> SUPPLIED MATERIAL:
====

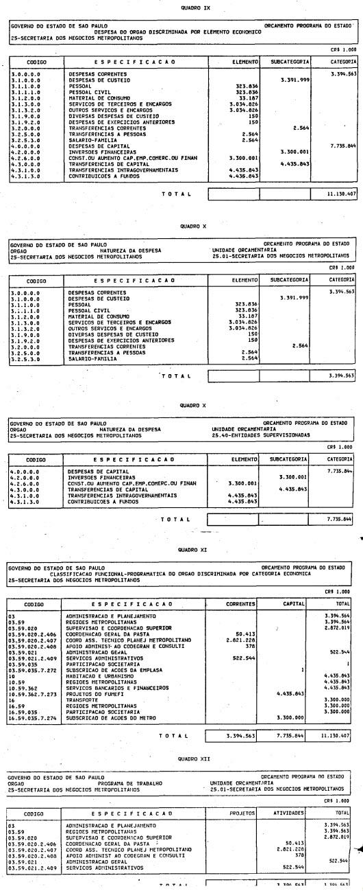 Planejamento e Administração Metropolitana da Grande São Paulo; Companhia do
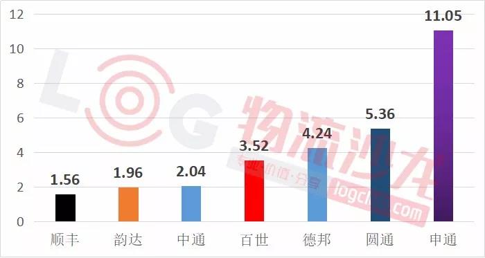 根據國家郵政局《關于郵政業(yè)消費者申訴情況的通告》數據統(tǒng)計,2017年全年,順豐依舊是2017年總體申訴率最低的企業(yè),月平均申訴率為 1.56件(每百萬件快遞有效申訴數量),遠低于全國平均的 5.79件。而申通的月平均申訴率為11.05件,表現一般??傮w排名為順豐、韻達、中通、百世、德邦、圓通、申通。
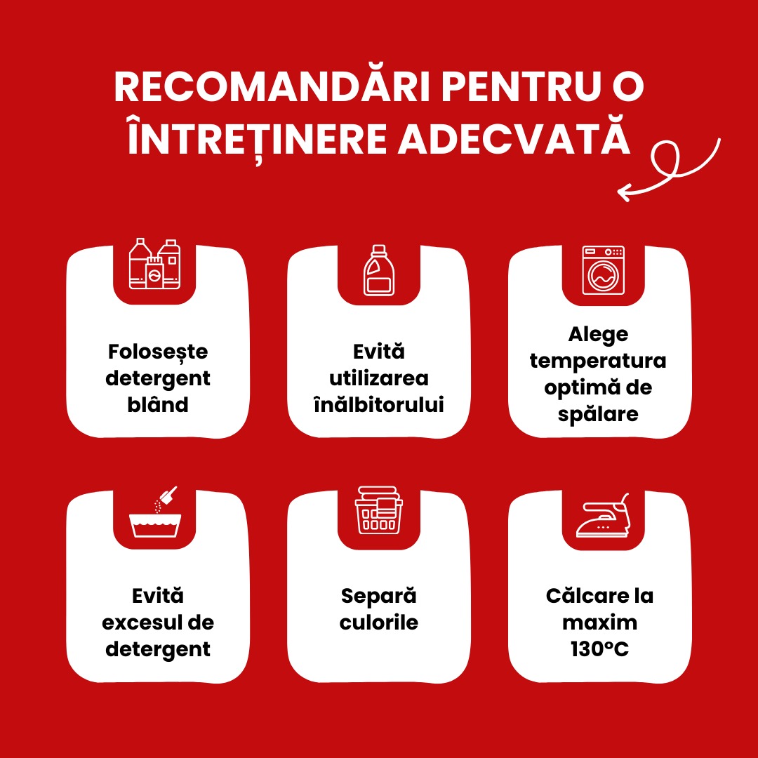 - Utilizeaza un detergent delicat si evitati inalbitorii agresivi pentru a pastra culorile vii si a mentine moaletea materialului.

====

> REQUIRED ACTION: Apart from the pictures, all of the data should be repeated exactly.

> COMPLETED EXERCISE:
 Planejamento e Administração Metropolitana da Grande São Paulo; Companhia do
 根據國家郵政局《關于郵政業(yè)消費者申訴情況的通告》數據統(tǒng)計,2017年全年,順豐依舊是2017年總體申訴率最低的企業(yè),月平均申訴率為 1.56件(每百萬件快遞有效申訴數量),遠低于全國平均的 5.79件。而申通的月平均申訴率為11.05件,表現一般??傮w排名為順豐、韻達、中通、百世、德邦、圓通、申通。
 - Utilizeaza un detergent delicat si evitati inalbitorii agresivi pentru a pastra culorile vii si a mentine moaletea materialului.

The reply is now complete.